Source data

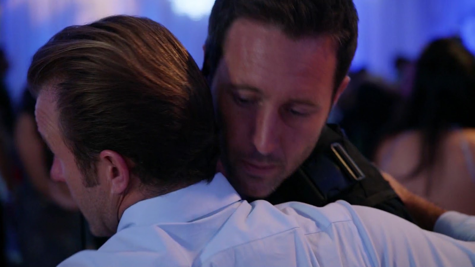 A cena de Lou ligando para o filho é linda. Lou é muito sentimental apesar de parecer um policial durão. Não é a primeira vez que o vemos chorar numa situação desesperadora, ele chorou como uma criança quando sua filha foi sequestrada (Danno que o acalmou, lembram?), ele chorou também quando Steve estava entre a vida e a morte no final da sexta temporada e ele chorou agora falando com o filho que caiu por acaso nessa situação louca. Então ele pede para o garoto ser corajoso novamente, sair do seu esconderijo e enviar imagens do local onde os outros adolescentes estão, para que eles possam planejar uma entrada estratégica já que eles não tem nenhuma moeda de troca para negociação com os sequestradores. Will obedece e consegue mostrar como as coisas estão dentro do salão. Também vemos Grace dar o braço a torcer e dizer que está feliz que seu Danno está lá, ela sabe que a situação seria muito mais favorável a terminar mal se ele não estivesse. É essa Grace que amamos!
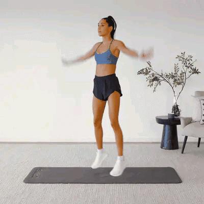 動作1. 開合跳:雙腳併攏站立,雙手放在腰間,然後雙腳向外跳躍並分開,同時雙手向兩側展開,再迅速跳回原位。這個動作可以快速提高心率,燃燒脂肪;
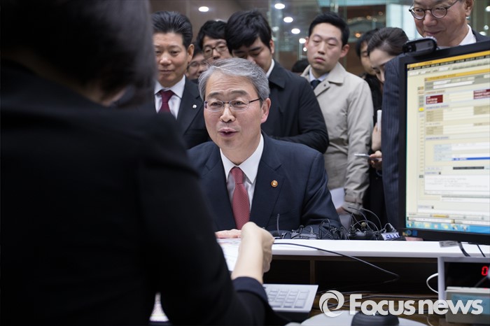 (서울=포커스뉴스) 15일 오후 서울 여의도 신한금융투자 본사 영업점에서 임종룡 금융위원장이 개인종합자산관리계좌(ISA)를 가입하고 있다.
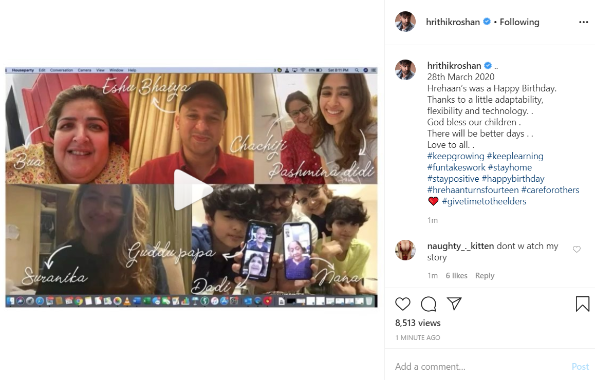 "28th March 2020. Hrehaan's was a Happy Birthday. Thanks to a little adaptability, flexibility and technology. God bless our children . There will be better days. .Love to all. And thank you @suranikashealthykitchen for the amazing cake," reads the caption.
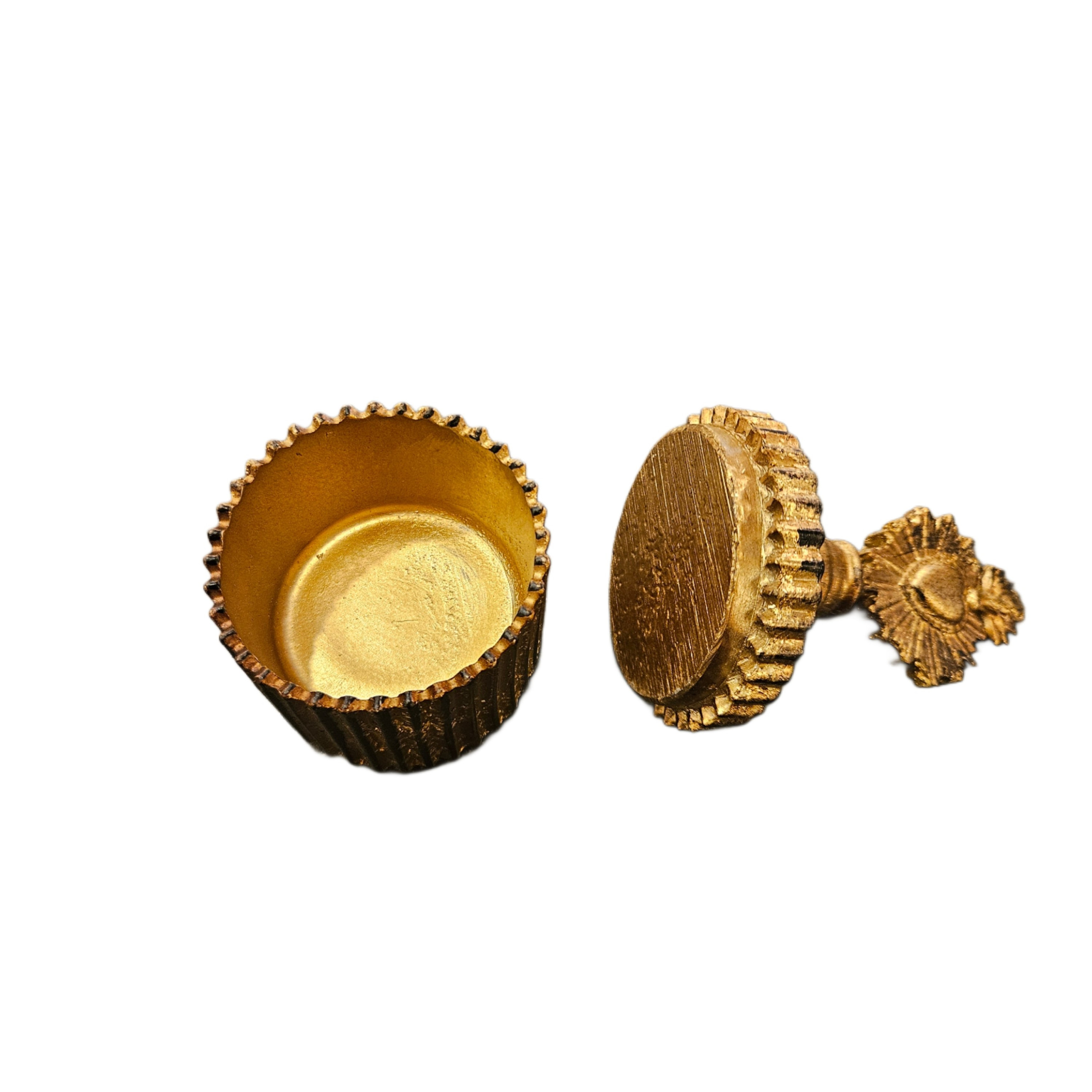 Bellissimo cofanetto porta gioie realizzato in resina color oro anticato con finitura opaca.

__What is needed__:
Return only the part above that opens with the line containing "動作1. 開合跳:雙腳併攏站" and closes with the line containing "reads the caption.", exactly and with both ends, skipping the pictures.

__The completed task__:
 動作1. 開合跳:雙腳併攏站立,雙手放在腰間,然後雙腳向外跳躍並分開,同時雙手向兩側展開,再迅速跳回原位。這個動作可以快速提高心率,燃燒脂肪;
 (서울=포커스뉴스) 15일 오후 서울 여의도 신한금융투자 본사 영업점에서 임종룡 금융위원장이 개인종합자산관리계좌(ISA)를 가입하고 있다.
 "28th March 2020. Hrehaan's was a Happy Birthday. Thanks to a little adaptability, flexibility and technology. God bless our children . There will be better days. .Love to all. And thank you @suranikashealthykitchen for the amazing cake," reads the caption.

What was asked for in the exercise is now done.